### Required action
Reproduce, exactly and only, the lines of the data that follows from the one containing "Technique du tissage" down to the one containing "Allow the heart", without pictures.
==== Extracted records ====
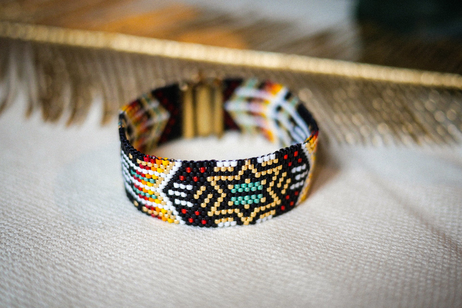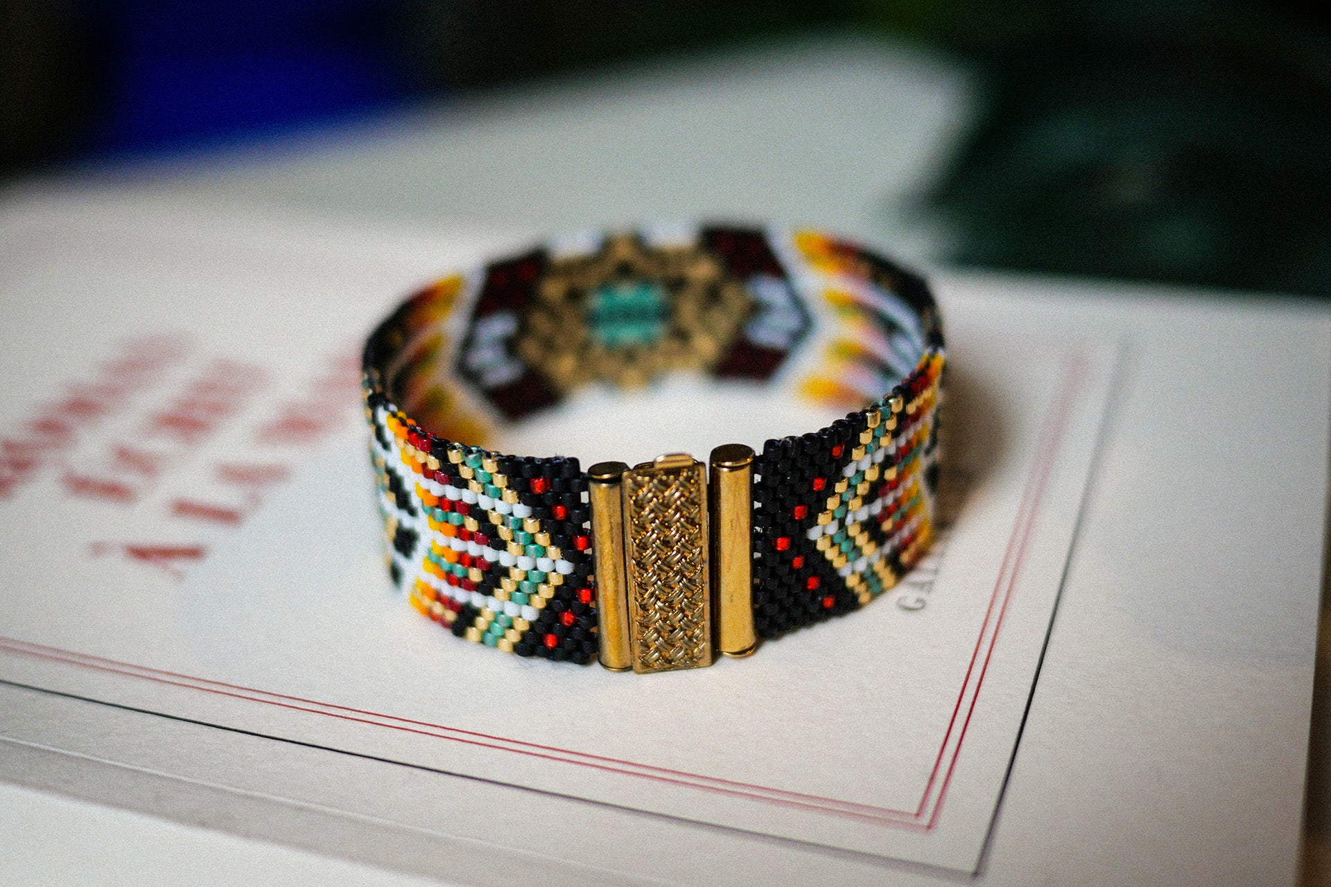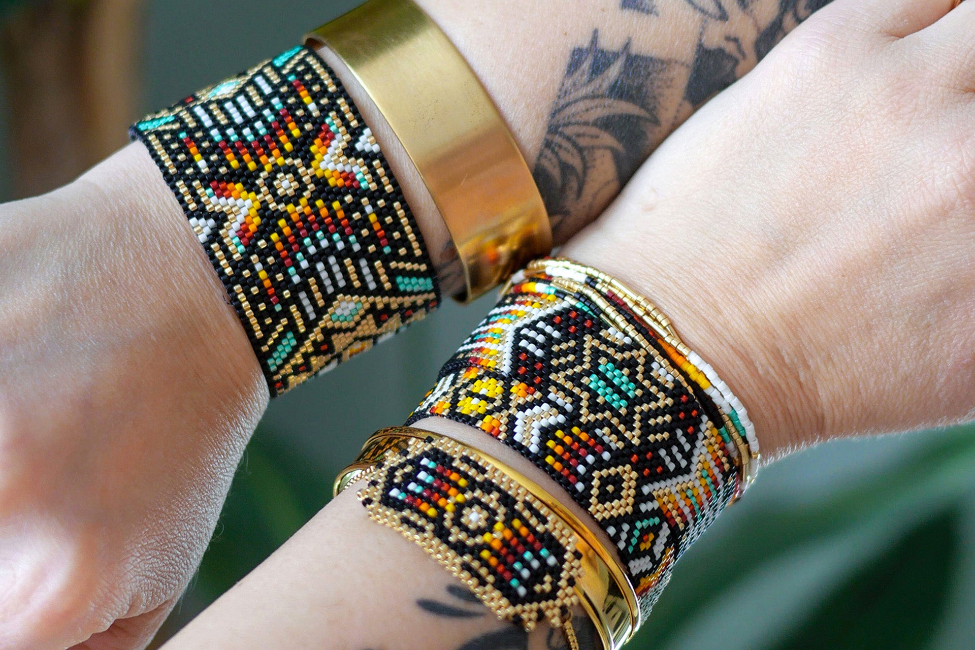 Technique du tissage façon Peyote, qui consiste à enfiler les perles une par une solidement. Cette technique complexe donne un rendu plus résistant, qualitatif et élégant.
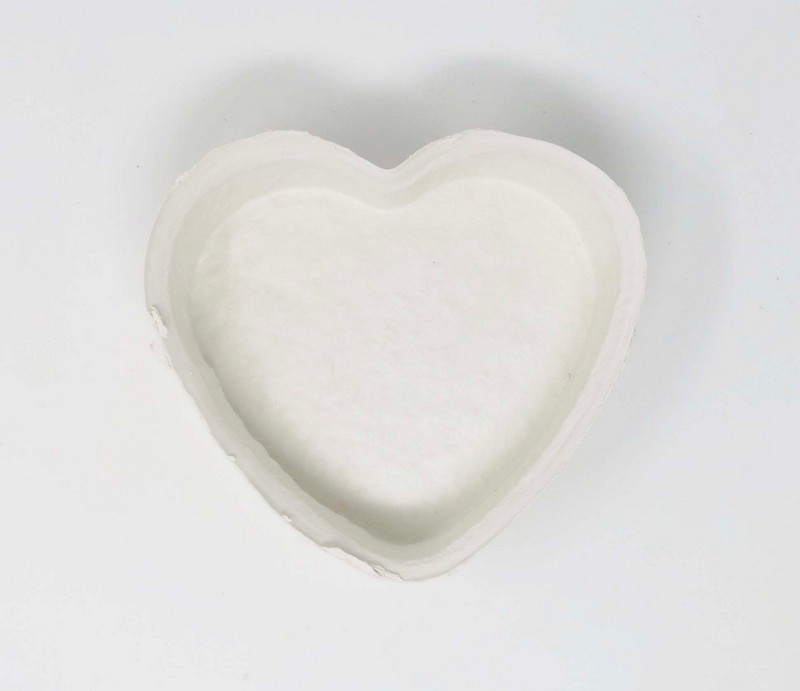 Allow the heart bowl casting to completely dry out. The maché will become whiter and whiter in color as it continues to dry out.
====
==== Extracted records ====
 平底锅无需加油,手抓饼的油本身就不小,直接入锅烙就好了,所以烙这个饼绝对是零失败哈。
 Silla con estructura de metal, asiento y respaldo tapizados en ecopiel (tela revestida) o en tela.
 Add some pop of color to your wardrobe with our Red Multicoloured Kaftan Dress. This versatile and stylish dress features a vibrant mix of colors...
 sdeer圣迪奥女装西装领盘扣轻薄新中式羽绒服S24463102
====
==== Extracted records ====
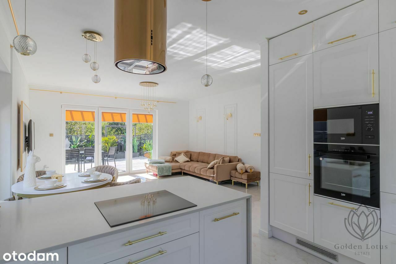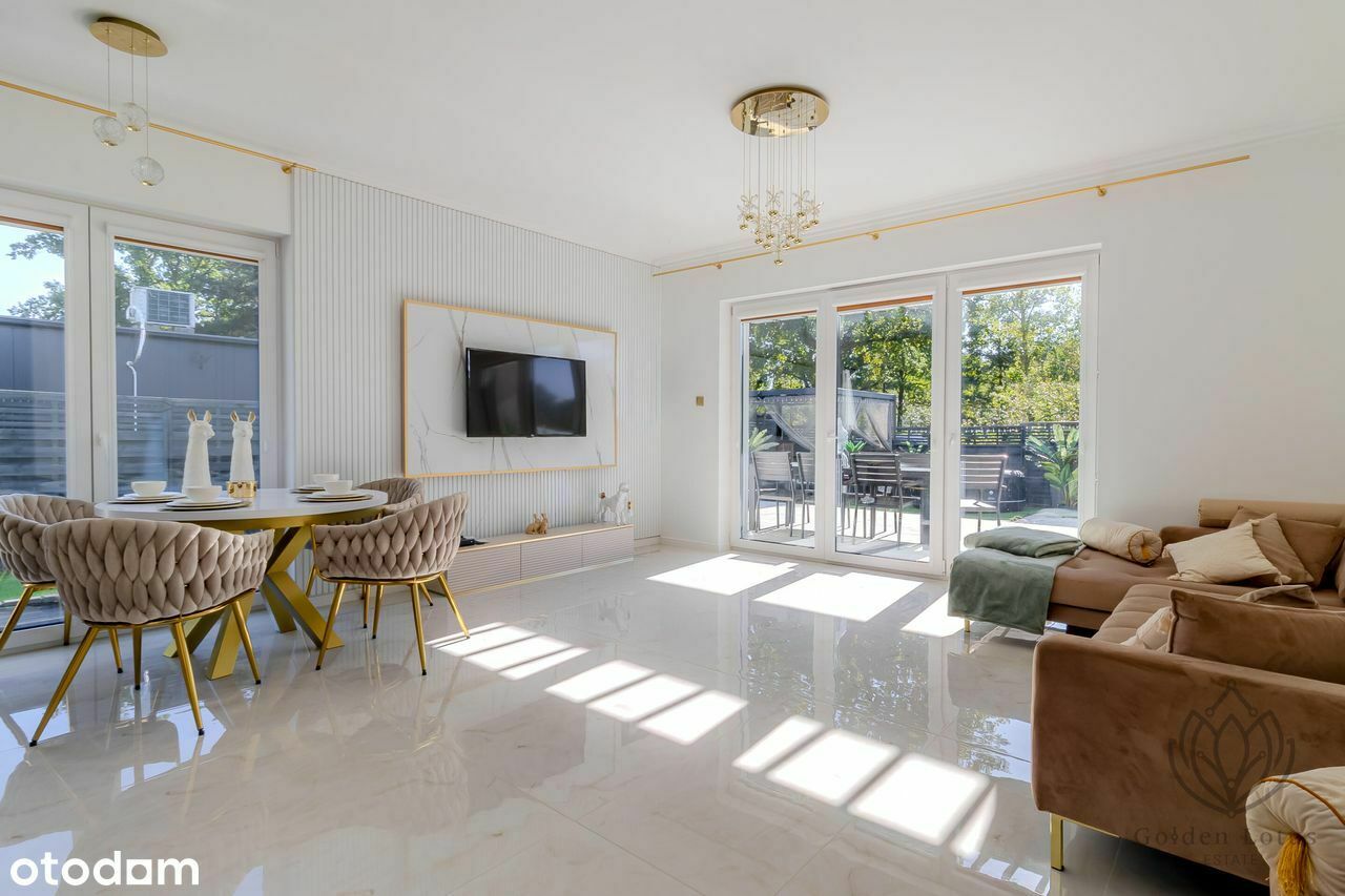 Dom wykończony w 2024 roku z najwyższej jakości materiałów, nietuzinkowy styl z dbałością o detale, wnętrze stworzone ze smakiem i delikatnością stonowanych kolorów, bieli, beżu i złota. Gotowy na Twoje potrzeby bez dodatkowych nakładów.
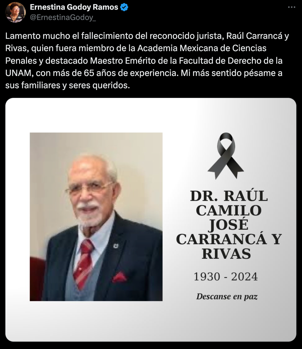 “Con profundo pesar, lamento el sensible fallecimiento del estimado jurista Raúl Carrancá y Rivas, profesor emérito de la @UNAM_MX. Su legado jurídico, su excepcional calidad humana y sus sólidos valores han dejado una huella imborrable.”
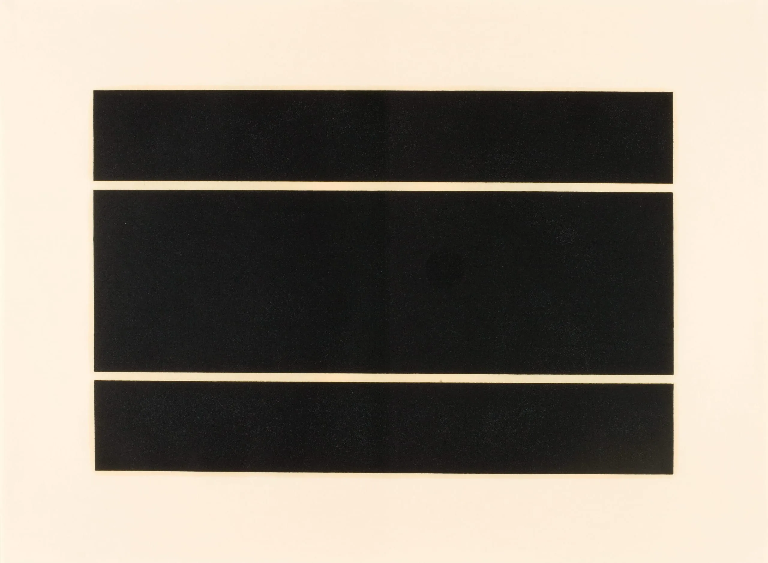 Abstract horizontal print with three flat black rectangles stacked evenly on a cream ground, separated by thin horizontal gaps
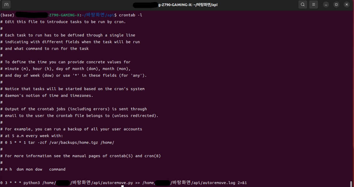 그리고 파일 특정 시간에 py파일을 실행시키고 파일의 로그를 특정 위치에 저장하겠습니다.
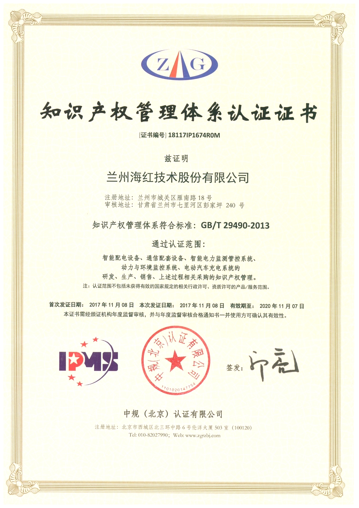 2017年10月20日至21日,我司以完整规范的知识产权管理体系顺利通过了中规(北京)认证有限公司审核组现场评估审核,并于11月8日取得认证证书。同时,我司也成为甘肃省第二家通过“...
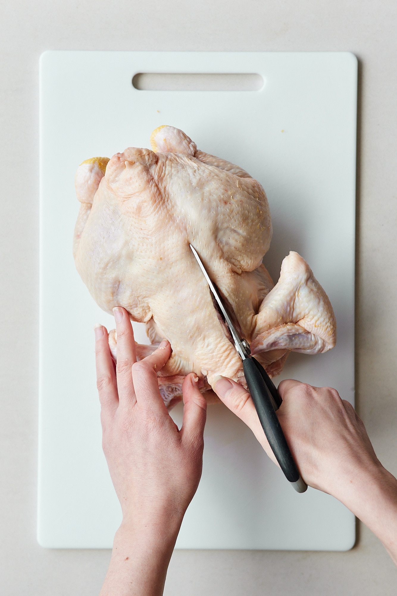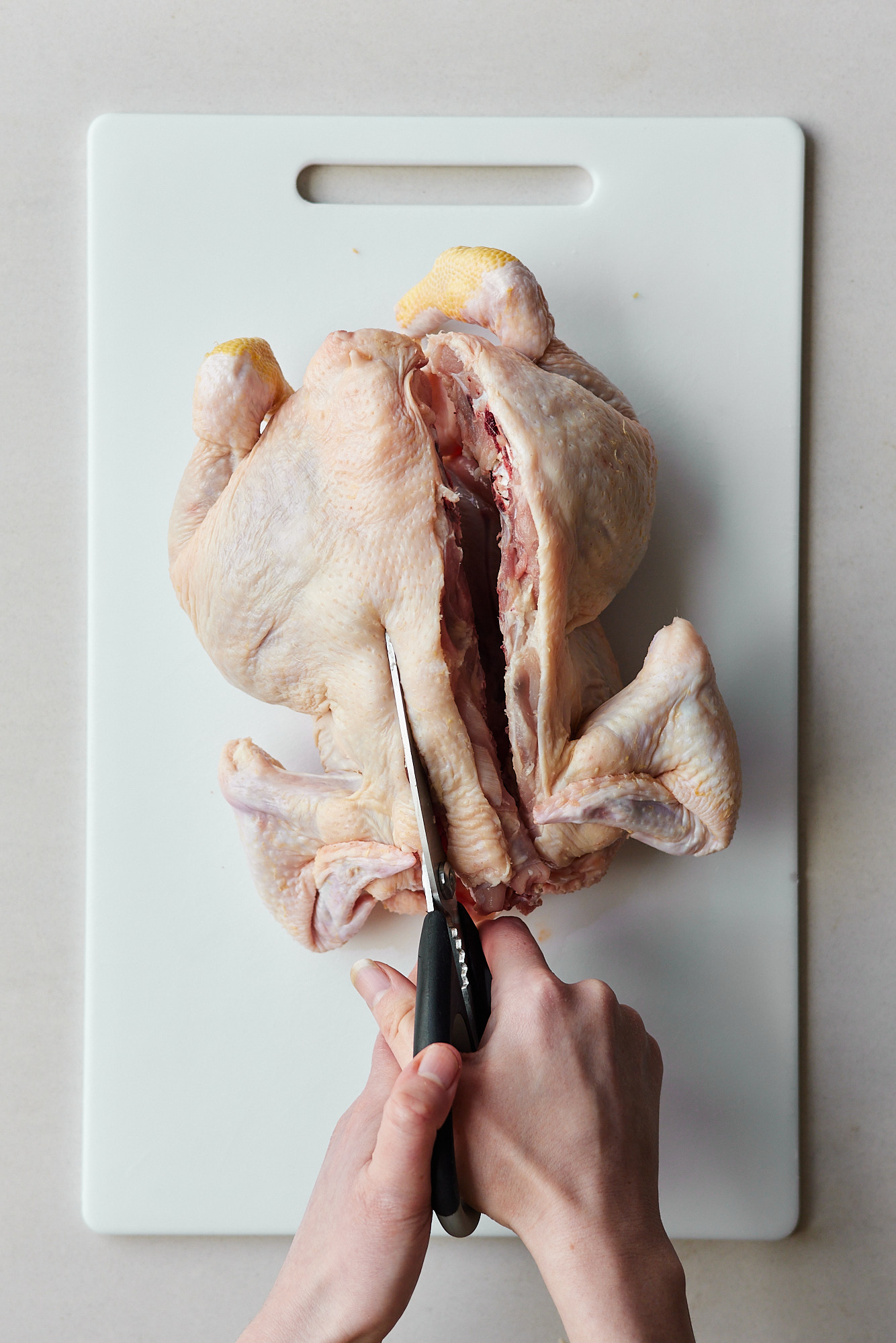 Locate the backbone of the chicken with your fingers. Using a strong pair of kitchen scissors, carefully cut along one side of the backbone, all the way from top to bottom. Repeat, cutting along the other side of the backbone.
====
### Output of the exercise
 Technique du tissage façon Peyote, qui consiste à enfiler les perles une par une solidement. Cette technique complexe donne un rendu plus résistant, qualitatif et élégant.
 Allow the heart bowl casting to completely dry out. The maché will become whiter and whiter in color as it continues to dry out.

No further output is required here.